Question: What is currently your greatest joy as an autism mom?

Kathleen: My greatest joy as an autism mom is to watch Joel worship. He absolutely LOVES the Lord, and our little Vineyard Church gives him to freedom to worship as he likes. Sometimes this means standing right in front of the band, waving his hands in the air as he sings along. Sometimes it means dancing like he’s at a rock concert. Sometimes it means raising one arm in worship, his face glowing as if it’s lit from within. It is a totally awesome sight. There are plenty of Sundays when he can’t sit still at all; when he keeps saying, “Amen! Church is over! Time for lunch!” But the frustration of these weeks are swept away by the times he is visibly caught up in worshiping Father, Son, and Holy Spirit!

Question: Has autism affected your faith?  If yes, how so?

Kathleen: Everything I valued in my life before Joel’s birth had to be re-thought and re-valued. – the value of intelligence, efficiency, logic, self-control. The old rules no longer applied, and my spirit, which craves peace, order, comfort, and security, withered as I struggled to make sense of the seemingly senseless…a beautiful boy with a damaged brain.
But the life-giving waters began to flow as I caught fleeting glimpses of reasons to rejoice in the midst of it all. Joel’s infectious grin, his silly jokes, his compassion for people who were hurting, his spontaneity and unconditional love. I had long struggled to fit prayer and meditation into my busy daily routine. Suddenly it was no longer a struggle. I simply made the time because the waters that welled up in the silence filled all my empty places to over-flowing. I couldn’t do without it! So, even though there was a lot of adjusting on my part, Joel blessed me beyond my wildest imaginings!

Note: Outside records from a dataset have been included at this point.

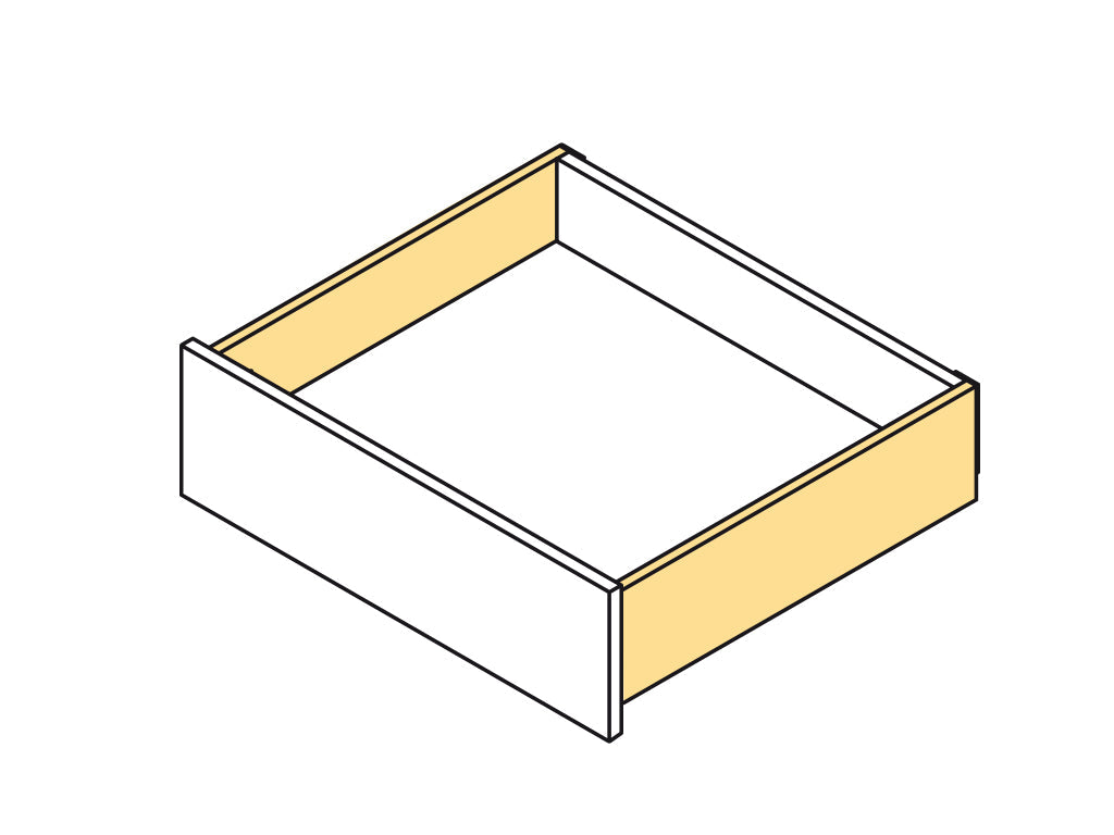 - Kit d'accessoires nécessaires au montage du tiroir extérieur d'une hauteur de 138 mm et d'une profondeur de 500 mm, à l'exception de la façade, de l'arrière et du fond.
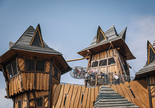En el Parque forestal de aventuras hay casitas fabulosas instaladas en árboles, deslizaderos y tubos pasadizos. En el Mundo de la arena, los niños disfrutarán del ambiente del auténtico Oeste con las casitas típicas para una película tipo western.
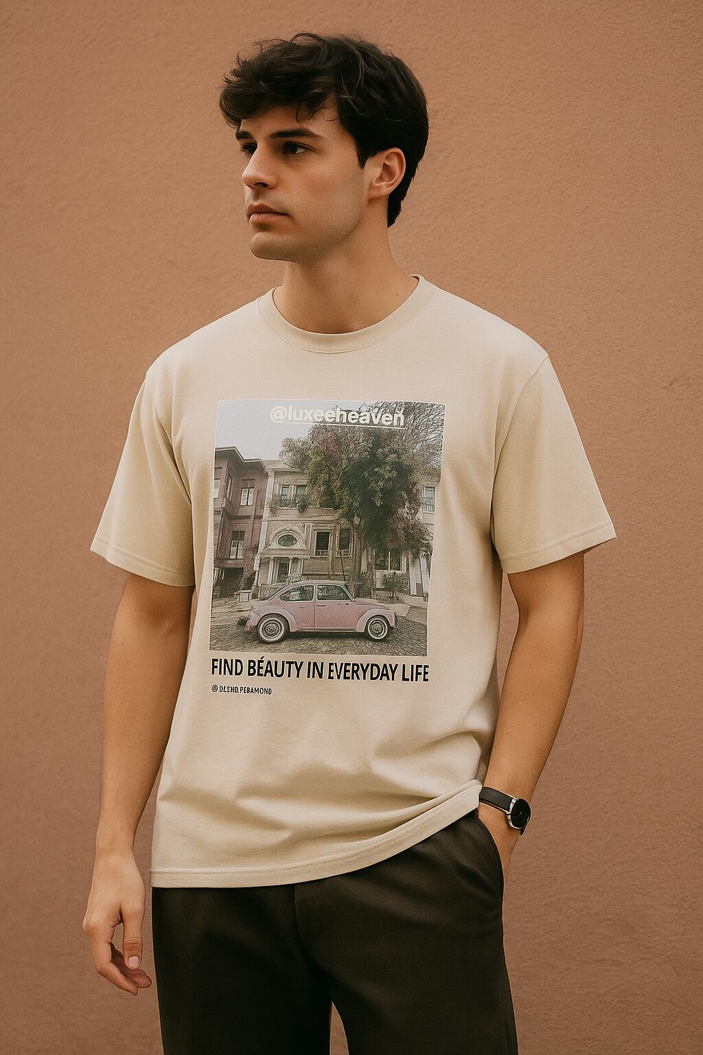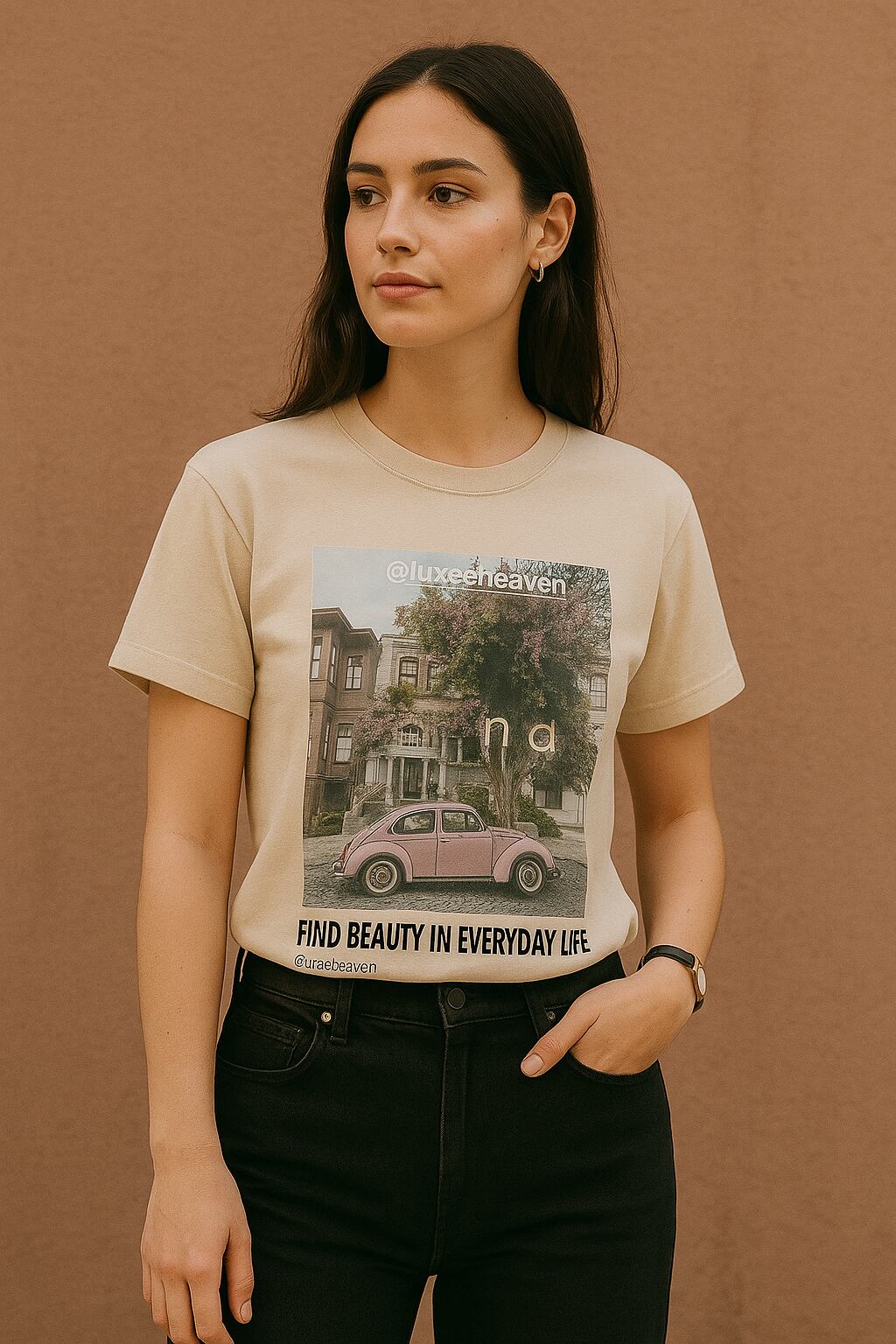 “Find Beauty in Everyday Life(毎日に美しさを)”というメッセージ入りで、日常コーデを格上げします。

51YDFSQMbyL._AC_UL320_SR208,320_I often say that Joel has been one of the most important and influential spiritual teachers of my life. I don’t believe that God causes disability in order to teach us compassion or to bring us closer to God. However, I do believe that God walks through disability with us—I believe He draws very close to us as we walk this road. I believe that all things work for good for those who love God. I believe that God’s power is made perfect in our weakness. Because of Joel, because of autism, because of the road I have walked these past 31 years, I have come to know God on a first-name basis. I have learned to depend on Him for everything, and to trust that He is working through every situation in my life as well as in Joel’s life and the life of my family as a whole.